§ **Work to be completed**: Would you print the listing that follows exactly, but without its pictures?

§ **Source data**:

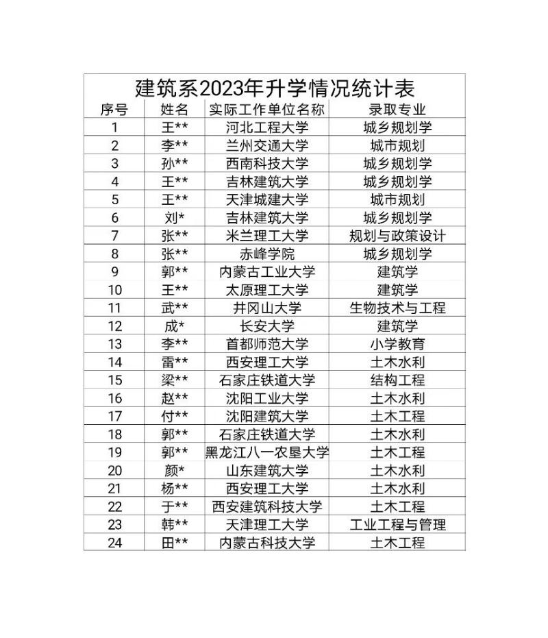 建筑系2023年升学情况统计表
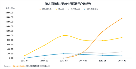 ·五月初,快乐大本营将欢乐狼人杀游戏搬上综艺舞台后,用户反响热烈,平台用户量呈直线上升趋势。
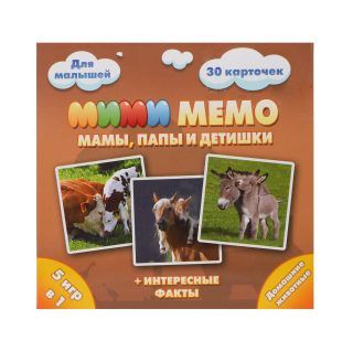 Познавательная настольная игра «Домашние животные» из серии «Ми-Ми-Мемо» поможет ребёнку потренировать визуальную память, расширить кругозор и словарный запас, развить внимательность и умение сопоставлять и сравнивать. С помощью этого набора можно поиграть в 5 разных игр: «Найди пару» (классическое мемо), «Назови всю семью» (игра-викторина), «Кто быстрей» (игра на реакцию и наблюдательность), «Кто здесь был» (игра на знание следов), «Очки и цепочки» (продвинутый уровень на логику). Во время игр ребёнок научится отличать одних животных от других, запомнит, как называются звериные семьи, как «зовут» маму, папу и детёныша. В комплекте - 30 карточек размером 7,5х7,5 см, сделанных из плотного картона, а также буклет-инструкция с описанием семей, забавных фактов и привычек животных. Рекомендованный возраст: 3 года +
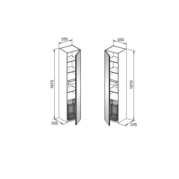 Шкаф-пенал, Keuco, Royal Reflex, ширина, мм-350, глубина, мм-335, высота, мм-1670, дверцы-есть, открывание дверей-распашное, петли-справа, цвет-антрацит, декор-без декора Шкаф-пенал, Keuco, Royal Reflex, шгв 350*335*1670, петли-справа, цвет-антрацит

§ **Exercise solution**:
 建筑系2023年升学情况统计表
 ·五月初,快乐大本营将欢乐狼人杀游戏搬上综艺舞台后,用户反响热烈,平台用户量呈直线上升趋势。
 Познавательная настольная игра «Домашние животные» из серии «Ми-Ми-Мемо» поможет ребёнку потренировать визуальную память, расширить кругозор и словарный запас, развить внимательность и умение сопоставлять и сравнивать. С помощью этого набора можно поиграть в 5 разных игр: «Найди пару» (классическое мемо), «Назови всю семью» (игра-викторина), «Кто быстрей» (игра на реакцию и наблюдательность), «Кто здесь был» (игра на знание следов), «Очки и цепочки» (продвинутый уровень на логику). Во время игр ребёнок научится отличать одних животных от других, запомнит, как называются звериные семьи, как «зовут» маму, папу и детёныша. В комплекте - 30 карточек размером 7,5х7,5 см, сделанных из плотного картона, а также буклет-инструкция с описанием семей, забавных фактов и привычек животных. Рекомендованный возраст: 3 года +
 Шкаф-пенал, Keuco, Royal Reflex, ширина, мм-350, глубина, мм-335, высота, мм-1670, дверцы-есть, открывание дверей-распашное, петли-справа, цвет-антрацит, декор-без декора Шкаф-пенал, Keuco, Royal Reflex, шгв 350*335*1670, петли-справа, цвет-антрацит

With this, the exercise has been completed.